UALR to require fall 2013 freshmen to live on campus

University of Arkansas at Little Rock freshman dorm residents Woody Bellairs (left) of Cabot and Alex Harbison of Hardy hang out outside the Trojan Grill near West Hall on the Little Rock campus Monday afternoon.
University of Arkansas at Little Rock freshman dorm residents Woody Bellairs (left) of Cabot and Alex Harbison of Hardy hang out outside the Trojan Grill near West Hall on the Little Rock campus Monday afternoon.

— The University of Arkansas at Little Rock will require first time freshmen to live on campus starting in fall 2013, a shift in approach for a campus that has predominantly attracted nontraditional and commuter students.

The new policy, which has some exemptions, is designed to improve retention and graduation rates for students who are fresh out of high school, Chancellor Joel E. Anderson said.

“We’re still going to be serving thousands of commuting students, but, at the same time, we’re strengthening the traditional component of the campus,” he said. “Students who live on campus have an advantage in terms of persisting in school.”

The shift comes as campuses around the state tweak policies and adopt programs to increase academic success as the state gradually implements a new higher-education funding formula that places less emphasis on raw enrollment and greater weight on how many students persist to graduation.

At some campuses, those new efforts include “first-year experience” programs that place new students in small learning groups or special residence halls to encourage good study habits.

Three Arkansas public universities require most first-time freshmen to live on campus: the University of Arkansas at Fayetteville, the University of Central Arkansas in Conway and Arkansas State University in Jonesboro. Others encourage on-campus living but stop short of requiring it.

All three cite national research that connects living on campus with classroom success for young students.

A study published in 2011 by a University of Wisconsin-Madison researcher found that students who live on campus as freshmen are about 3 percent more likely to remain enrolled for their sophomore year than their peers who live elsewhere. Studies attribute the correlation in part to residential students building a greater connection to campus activities and fellow students.

Such research has bolstered efforts of so-called commuter and metropolitan campuses to increase campus residency.

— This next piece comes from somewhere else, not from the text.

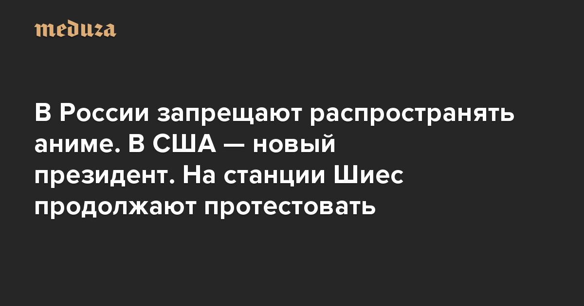 Вечерняя Медуза В России запрещают распространять аниме. В США — новый президент. На станции Шиес продолжают протестовать

Retention and graduation improvements “are things that we are under pressure to achieve these days,” Anderson said, citing the new “performance funding” formula that could result in a net loss of state appropriations if the university can’t meet metrics of success in a list of areas.

UALR’s graduation rates are among the lowest in the state. Leaders attribute that to a higher-than-typical enrollment of older working students who enroll in fewer classes and take longer to earn degrees.

An April 2012 report from the Arkansas Department of Higher Education showed that 21.9 percent of UALR students who enrolled in the fall 2005 semester had graduated six years later, compared with 39.3 percent at all of the state’s universities and 58.1 percent at UA-Fayetteville, which had the highest graduation rate and a higher proportion of traditional students.

But UALR’s traditional freshmen enrollment is climbing, and more of those students are attending full-time, enrollment data shows.

Of UALR’s 10,374 undergraduate students in the fall 2011 semester, 923 were first time freshmen, according to the university’s institutional research website. Of those students, 871 attended full time and 861 were 21 years old or younger, the website said.

Complete fall 2012 data have not been finalized.

That 9 percent first-time college student enrollment in 2011 compares with an enrollment of about 7 percent first time students in 2006, data showed.

Leaders do not expect the new housing policy to displace current residential students. And the policy is not a response to excessive vacancies in campus residence halls, they said.

The rule, approved as part of UALR’s strategic plan, requires all first-time, full-time freshman to live on campus with exceptions for some students, including: those who are 21-years-old or older, those who are married, parents, students at satellite campuses and individuals with “mitigating circumstances.”

Those circumstances could include the desire to live at home with parents, said Logan Hampton, associate vice chancellor for student development and dean of students.

Institutional research shows that 346 of 923 first-time students in fall 2011 were from Pulaski County and 134 were from Saline County.

Financial need could also be a factor in allowing a freshman to live off campus, Hampton said.

Dorms used for freshmen at UALR currently charge between $1,700 and $2,500 in housing fees per semester with meal plans ranging from about $1,200 to $1,500 per semester.

That’s a price many parents are willing to pay for a residential college experience, Anderson said, saying that the new requirement could serve as a recruiting tool for young students.

“Parents feel much more secure in that first year if their child is living in university housing,” rather than living independently off campus, he said.

Hampton said UALR has about 1,368 spots for on-campus students since it acquired the 420-bed University Village apartment complex in the spring.

Anderson said some of those apartments will open for the first time in fall 2013, in time to take in older students who may have previously lived in residence halls.

About 1,100 students currently live in campus housing, which also includes four dorms, he said. Those include freshman Donaghey Scholars, who are already required to live on campus.

Anderson said he expects UALR’s dorms to be at or near capacity when the new policy kicks in next fall.

“For the foreseeable future, we’ll probably be full,” he said.